В дедовой избе Арсений любил запах. Он состоял из ароматов множества трав, сушившихся под потолком, и такого запаха не было больше нигде. Он любил также павлиньи перья, привезенные Христофору одним из паломников и прикрепленные к стене в виде веера. Узор павлиньих перьев удивительно напоминал глаза. Находясь у Христофора, мальчик чувствовал себя некоторым образом под наблюдением.
Еще ему нравилась икона святого мученика Христофора, висевшая под образом Спасителя. В ряду строгих русских икон она смотрелась необычно: святой Христофор был песьеголовцем. Дитя часами рассматривало икону, и сквозь трогательный облик кинокефала мало-помалу проступали черты деда. Лохматые брови. Пролегшие от носа складки. От глаз растущая борода. Проводя большую часть времени в лесу, дед все охотнее растворялся в природе. Он становился похожим на собак и на медведей. На травы и на пни. И говорил скрипучим древесным голосом.

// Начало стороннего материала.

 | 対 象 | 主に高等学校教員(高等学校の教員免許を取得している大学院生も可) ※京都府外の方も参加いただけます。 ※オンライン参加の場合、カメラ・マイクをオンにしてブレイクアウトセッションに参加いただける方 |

Иногда Христофор снимал икону со стены и давал поцеловать Арсению. Ребенок задумчиво целовал святого Христофора в мохнатую голову и касался потускневших красок подушечками пальцев. Дед Христофор наблюдал, как таинственные токи иконы перетекают в руки Арсения. Однажды он сделал следующую запись: у ребенка какая-то особая сосредоточенность. Его будущее представляется мне выдающимся, но я просматриваю его с трудом.

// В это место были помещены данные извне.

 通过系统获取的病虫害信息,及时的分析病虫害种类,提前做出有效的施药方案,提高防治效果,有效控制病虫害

С четырех лет Христофор стал учить мальчика травному делу. С утра до вечера они бродили по лесам и собирали разные травы. При оврагах искали траву стародубку. Христофор показывал Арсению ее острые маленькие листья. Стародубка помогала при грыже и жаре. При жаре эту траву давали с гвоздикой, и тогда с больного ручьями начинал катиться пот. Если пот был густым и издавал тяжелый запах, надлежало (посмотрев на Арсения, Христофор осекся) готовиться к смерти. От недетского взгляда ребенка Христофору стало не по себе.
Что такое смерть, спросил Арсений.
Смерть – это когда не двигаются и молчат.
Вот так? Арсений растянулся на мхе и не мигая смотрел на Христофора.
Поднимая мальчика, Христофор сказал в себе: моя жена, его бабушка, тоже тогда так лежала, и потому сейчас я очень испугался.
Не надо бояться, закричал мальчик, потому что я опять живой.
В одну из прогулок Арсений спросил Христофора, где его бабушка пребывает сейчас.
На небе, ответил Христофор.
В тот день Арсений решил долететь до неба. Небо давно его привлекало, и сообщение о пребывании там не виденной им бабушки сделало влечение неодолимым. В этом ему могли помочь только перья павлина – птицы безусловно райской.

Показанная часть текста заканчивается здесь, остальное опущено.